Working In The Midnight Hours...

The Twentieth Revelatory Interview
By Phil & Sarah Stokes, 17 December 2007

In a year in which both Hellraiser and Weaveworld celebrated Twentieth Anniversaries, we're delighted to notch up our own small 'twentieth' milestone, with the interview with Clive below being our twentieth for the site here at Revelations...
The three of us caught up earlier this month to talk through some of the artwork in his current exhibition in Los Angeles and others planned for exhibition in Chicago next month. We kicked off, though, by talking about a common passion - William Blake - and the recent discovery of eight previously unknown colour works by him along with the added bonus of 13 new lines of his verse, these currently being exhibited in London at Tate Britain...

Clive : "The Blake news is great, absolutely great. It makes you wonder, when 250 years have passed and stuff turns up like this, it makes you wonder how much more stuff there is that we haven't seen still in private hands."

Revelations : "It's fascinating to think it's been passed down safely through private hands all those years and avoided all the scholars."

Clive : "Yes, it's good and it's bad. It's good in the sense of, in terms of that it's nice to have them back. But it makes you worry about the pieces which maybe haven't been recognised, you know, haven't been understood. It's not as though the pictures scream out comprehensibility. You know, I always worry about that with our man Blake, whether there's a clue out there we haven't had yet, another piece of the mystery, but it's certainly marvellous to have these things back in the 'right' hands."

Revelations : "We thought we might talk a little about the new artwork you're exhibiting at the moment in Los Angeles and will shortly be showing in Chicago?"

Clive : "I haven't yet done a video walkaround at Bert Green for you because when I thought I could do it last Thursday the show was overwhelmed (which I was delighted with!) You know, last time I did a video walkaround, there was nobody there! I haven't been back yet: the event which we were going to do it at last week just had huge numbers of people...
"I guess we sold a huge number of the paintings - 49 of the 75 pictures, which is just amazing. I will try my very best to get a walkaround done this week - we'll find time, I'm sure. Maybe we can start with the paintings you've got here?"

Clive Barker - Midnight

Revelations : "Absolutely - "

Clive : "The first of them is one that two good friends of mine purchased... I'm delighted you bought that painting!"

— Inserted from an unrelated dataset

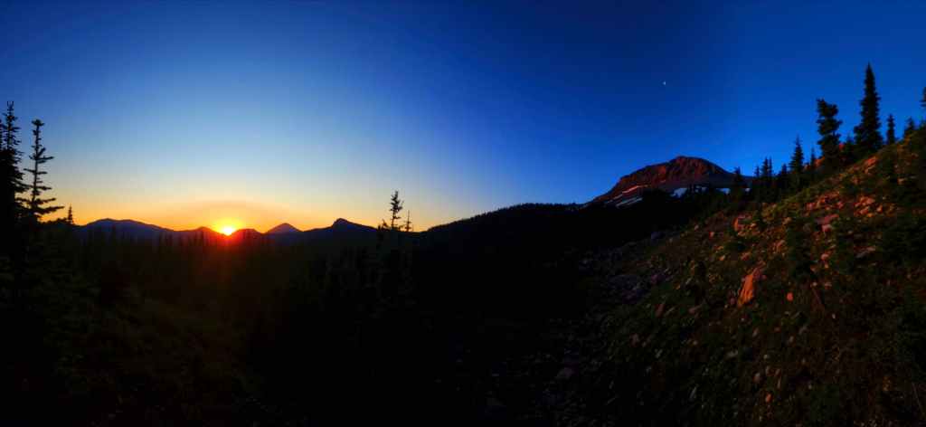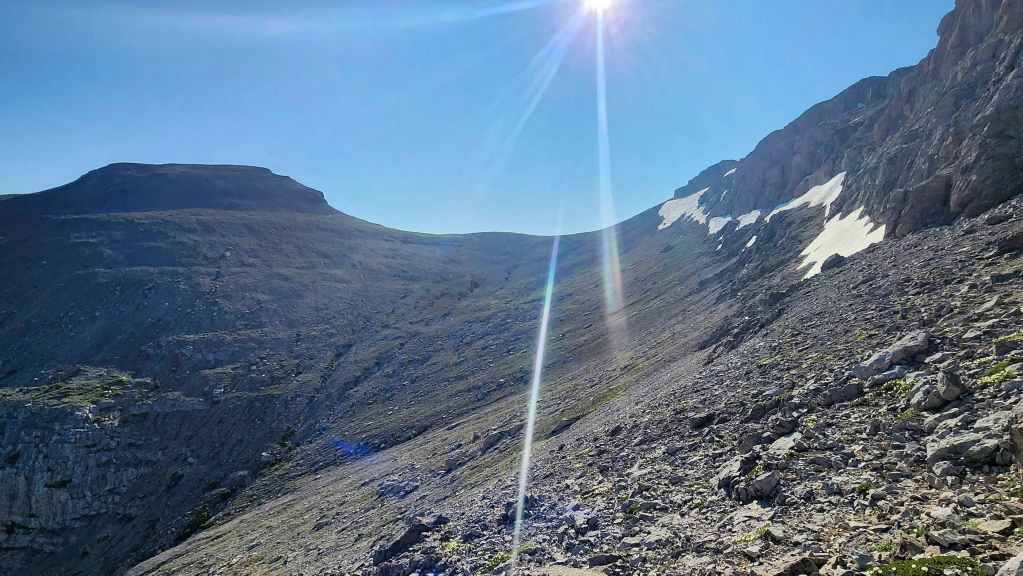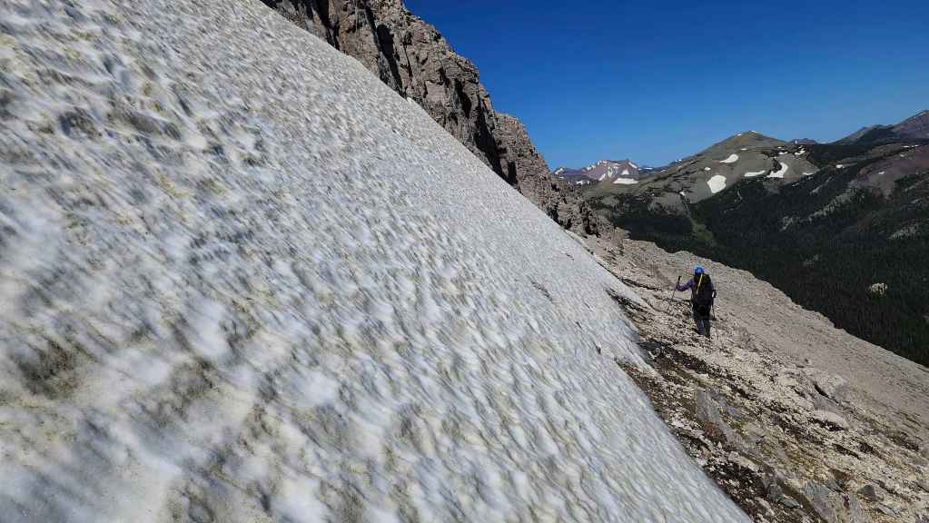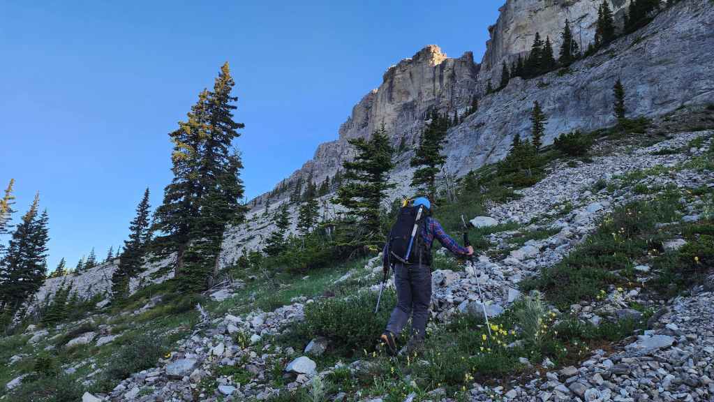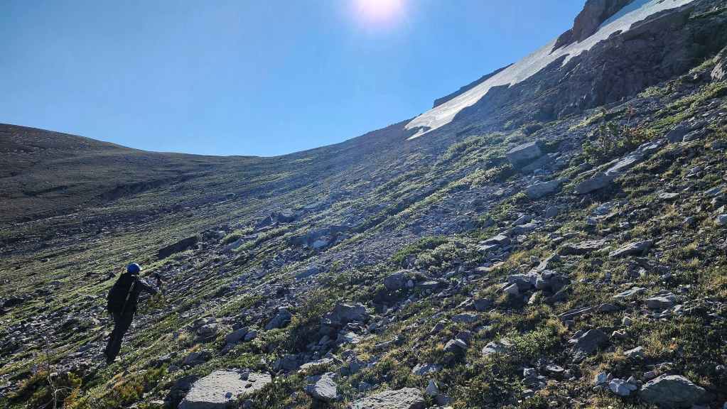 After 10 minutes or so, we arrived at a large open slope. As this was the closest the GDT came to the mountain, we decided to make a traverse to gain elevation until we joined Cornelius’ scramble route on the west side of the mountain.

Revelations : "Oh, so are we - "

Clive : "Oh man!"

Revelations : "We saw some photos of the gala opening night, with a lot of people gathered around Midnight. We looked at it for weeks and weeks and thought, 'Should we, shouldn't we?' but we had to!"

Clive : "Oh, I'm so glad you did. It got a lot of attention and there were a couple of people who got incredibly close to buying it - and I'm glad they didn't! "I'm so glad you saw the Blakean echoes in the colour and I think you're going to love it. You're going to have an interesting time choosing a frame - it's a big son of a bitch - I mean 60 by 48 plus a frame, man! It'll have a nice presence; it's a benign presence."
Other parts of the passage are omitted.